Я тоже босиком бросился в коридор и увидел… Рыжика. Вид у него был странный: зеленые глазищи блестели, рыжие волосы были в полном беспорядке.

— Это ты? — шепотом спросил я, боясь, чтобы не услышала мама.

— Я…

— Что случилось?

Вместо ответа Рыжик тоже шепотом спросил:

— Ты сейчас занят?..

— Что-о?! В час ночи?!

— Ой, прости!.. Совсем забыл, что уже ночь. Я ведь не спал сегодня…

— А что случилось?

— Что случилось?! — раздался сзади тревожный голос мамы: она всегда умудрялась просыпаться именно тогда, когда мне хотелось, чтоб она крепко спала.
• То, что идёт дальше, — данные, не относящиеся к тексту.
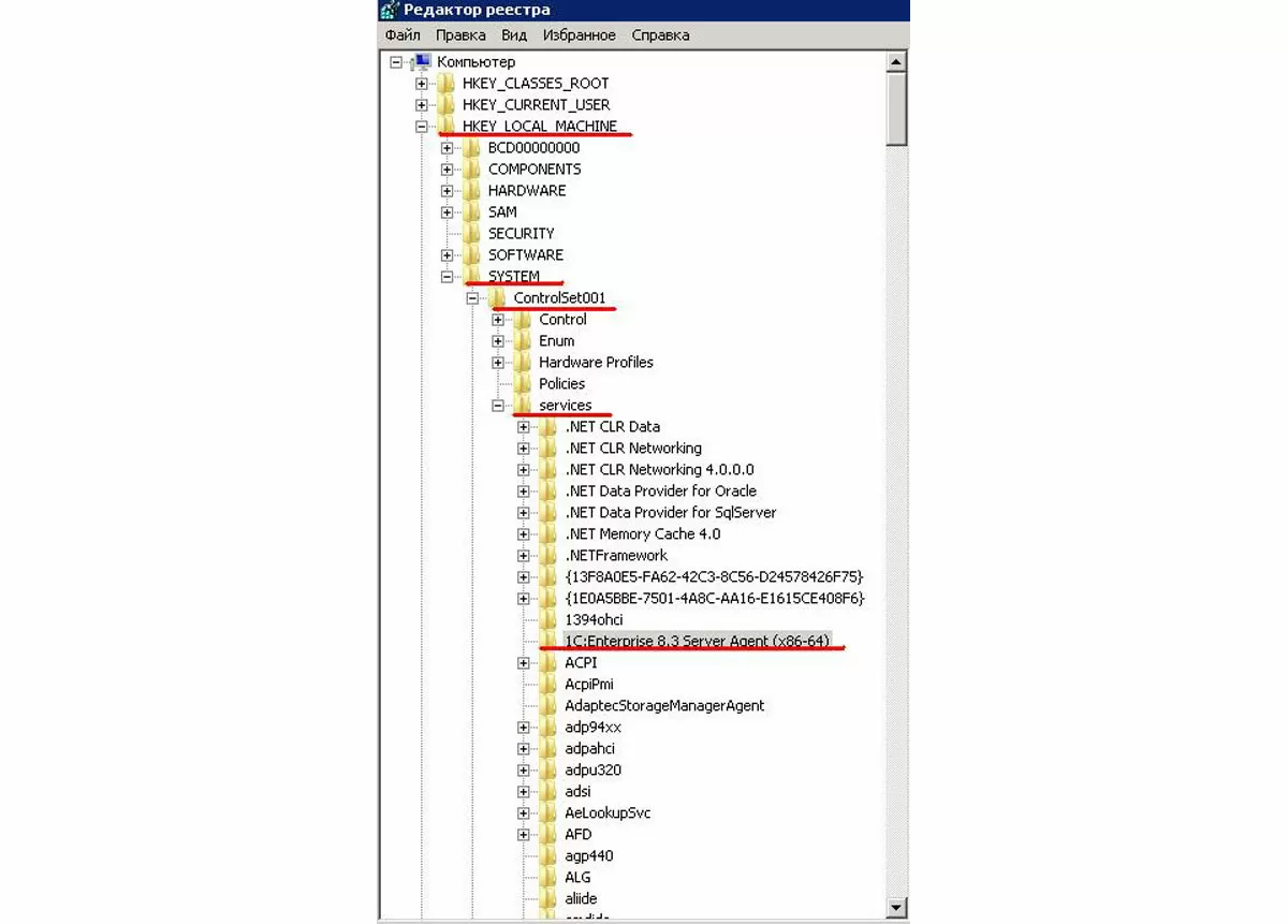 - В открывшемся окне в дереве слева пройдите по пути: «HKEY_LOCAL_MACHINE», «SYSTEM», «ControlSet001», «services», «1С:Enterprise 8.3 Server Agent»;
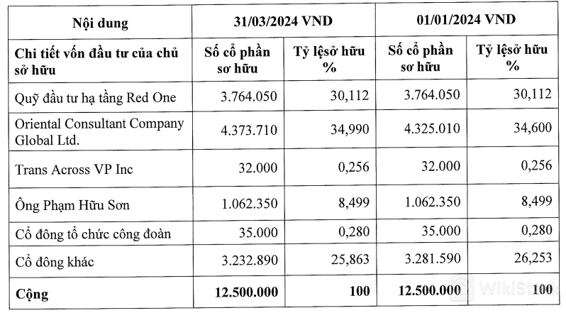 Cơ cấu cổ đông TED tại cuối quý 1/2024![]() |
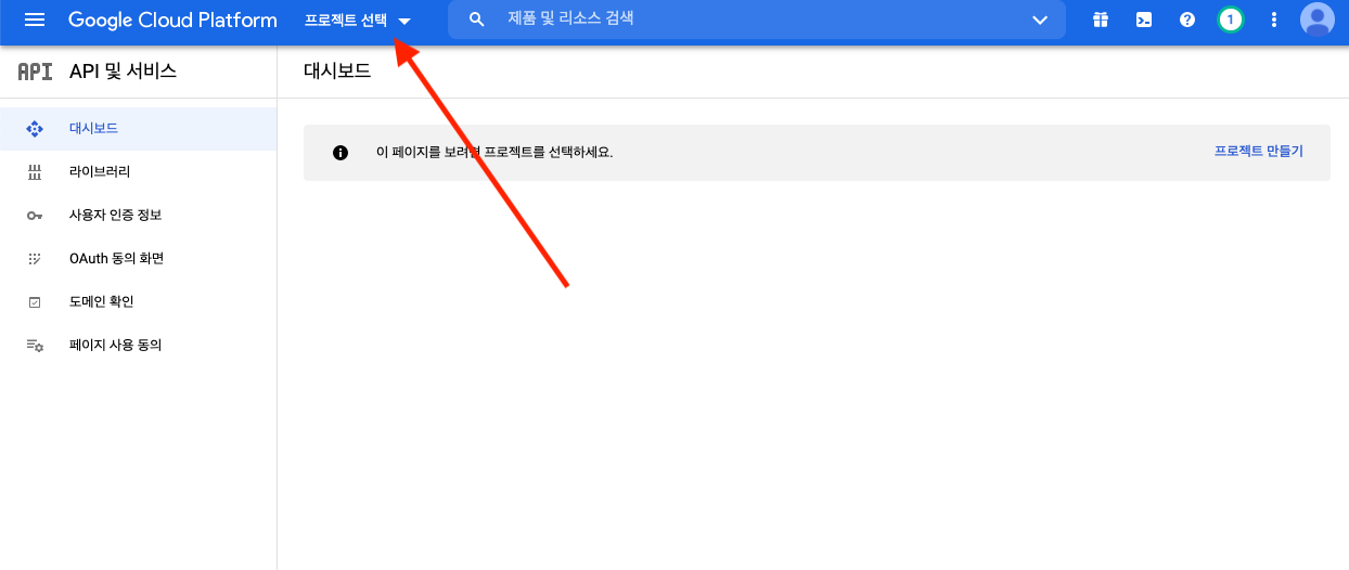 로그인 후 구글 클라우드 플랫폼 페이지 내 왼쪽 위 [프로젝트 선택] 드롭 다운 클릭
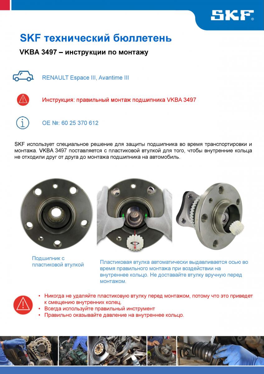 Техническая информация от компании SKF: правильный монтаж подшипника VKBA 3497

— Мне нужен… мне очень нужен Сева.

— Сейчас?! — шепотом воскликнула мама.

— Ну, на немножко… На полчасика.

— Ночью?!

— Мы только выйдем на улицу… и потом он скоро-скоро вернется. Можно, а?

У гордого Рыжика был такой умоляющий голос, что мама даже растерялась.

— Но ведь сейчас уже очень поздно… Около часа, — проговорила она неуверенно, будто сомневалась в том, что час ночи — это действительно позднее время.

— Нам только на полчасика… Всего на полчасика, — повторял Рыжик.

— Я бы их отпустил, — раздался вдруг сзади голос папы.

Мама сразу оживилась:

— Ты бы вообще отпустил их куда угодно! Ты ведь и в самолете не особенно волновался, когда все думали, что Рыжик удрал. На улице ночь…

— Ну, какая же это ночь? — улыбаясь, возразил папа. — Совсем светло! Пусть пойдут… Я уверен, что Рыжик не стал бы беспокоить нас просто так, беспричинно.

Мама подумала, подумала немного, а потом предложила:

— Можно, и я с вами пойду?

— Я бы… Мы бы… с большим удовольствием. Но… — В общем Рыжик не собирался приглашать маму в это неожиданное ночное путешествие.

— Неужели у них не может быть своих тайн? — сказал папа. — В их возрасте я бы удрал вообще без всякого спроса!

И, обратившись к Рыжику, папа спросил:

— Ничего такого… особенного не случилось?

— Нет… Но мне очень нужна Севина помощь. И поскорей! А то мы опоздаем.

— Куда?! — опять встрепенулась мама. — Куда можно опоздать в два часа ночи? — Незаметно для себя самой она накинула еще один лишний час.

— Мне очень нужна Севина помощь… — повторил Рыжик.

— Но ведь я, взрослый человек, могу тебе помочь лучше, чем он!

— Железная логика! — усмехнулся папа.

— Нет!.. Вы не можете. Только он может! Сева!..

И тут, гордый таким доверием Вовки, я, уже не дожидаясь маминого разрешения, молча побежал в комнату, в два счета оделся и снова выскочил б коридор.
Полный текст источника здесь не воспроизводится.